L'intervention manuelle est locale, mais, bien que les différents systèmes de contrôle soient indépendants, ils n'en sont pas moins largement interconnectés, et les normalisations segmentaires s'accompagnent donc de post-effets holistiques fins, puissants, automatiques, qui n'en sont pas pour autant réflexes, puisque si les réflexes ont l'avantage d'être rapides, ils ont le suprême inconvénient d'être stéréotypés et de pouvoir s'inhiber les uns les autres. Il est obsolète de qualifier cet art thérapeutique de réflexothérapie.
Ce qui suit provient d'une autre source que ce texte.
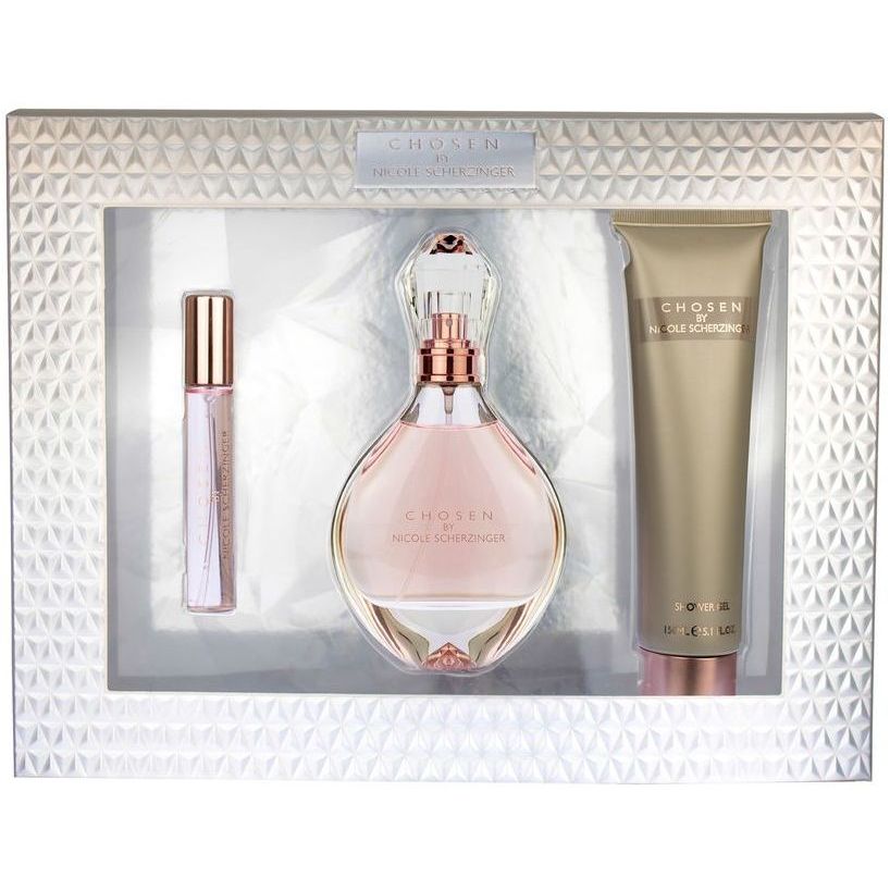 Nicole Scherzinger Chosen Confezione Regalo 100 ml EDP + 15 ml EDP + 150 ml Doccia Gel Donna: Chosen di Nicole Scherzinger è una fragranza con una scia sensuale fruttata e gourmand. L'apertura è un accordo succoso di arancia, mele, pesche e pere. Un cuore dolce e caldo combina gelsomino con caramello dorato, mentre una base terrosa unisce patchouli, vaniglia e muschio.

Par ailleurs, bien que la plupart soient étonnés de la rapidité des résultats, notamment dans la prise en charge de l'aigu, il n'est en général ni nécessaire, ni souhaitable de répéter les séances à court terme, puisque la teneur et la fiabilité des effets atteste d'un traitement du signal à haut niveau qu'il est d'ailleurs tout à fait possible de matérialiser par la lecture à J+x, des examens sur plate-forme de stabilométrie, des tests posturaux habituels, voire des scores cognitifs, en fonction des pathologies concernées.
Les techniques paraissent simples mais il ne faut pas s'y tromper, les technique exigent rythme et rigueur d'organisation. Ce qui est simple est généralement faux parce que le contrôle moteur est une activité d'autant plus extraordinairement complexe que le cerveau ne travaille pas comme un ordinateur sur de simples signaux électriques ou de la pure information, mais sur le sens qu'il peut ou veut leur donner. En langage clair, ça veut dire qu'il ne peut y avoir de traitement standard. Ça complique un peu, mais ça fait de nous des thérapeutes. Cerise sur le gâteau, l'utilisation réfléchie du facteur gravitaire en temps réel, réduit tout risque iatrogène dans les conditions normales. Du bébé au senior arthrosique ou ostéoporotique, en passant par la femme enceinte, tout le monde ou presque peut être soigné (dans la limite des indications), et ceci sans compter l'énorme intérêt qu'il y a d'utiliser ces techniques à des fins préventives.
Religieuse auprès de la cure de Grandrif, Sœur "Gérard Chabrit était reconnue comme possédant le "don de guérir" de ses mains, et elle l'a honoré gratuitement auprès d'une large population régionale jusque dans les années soixante. Jean Moneyron (1923-1994) a eu le génie de croire à la justesse de ces techniques alors même qu'il devenait Docteur en Pharmacie dans les années d'après-guerre, et d'avoir eu le courage de délaisser le confort de l'officine familiale et de la pharmacopée pour exercer cet art.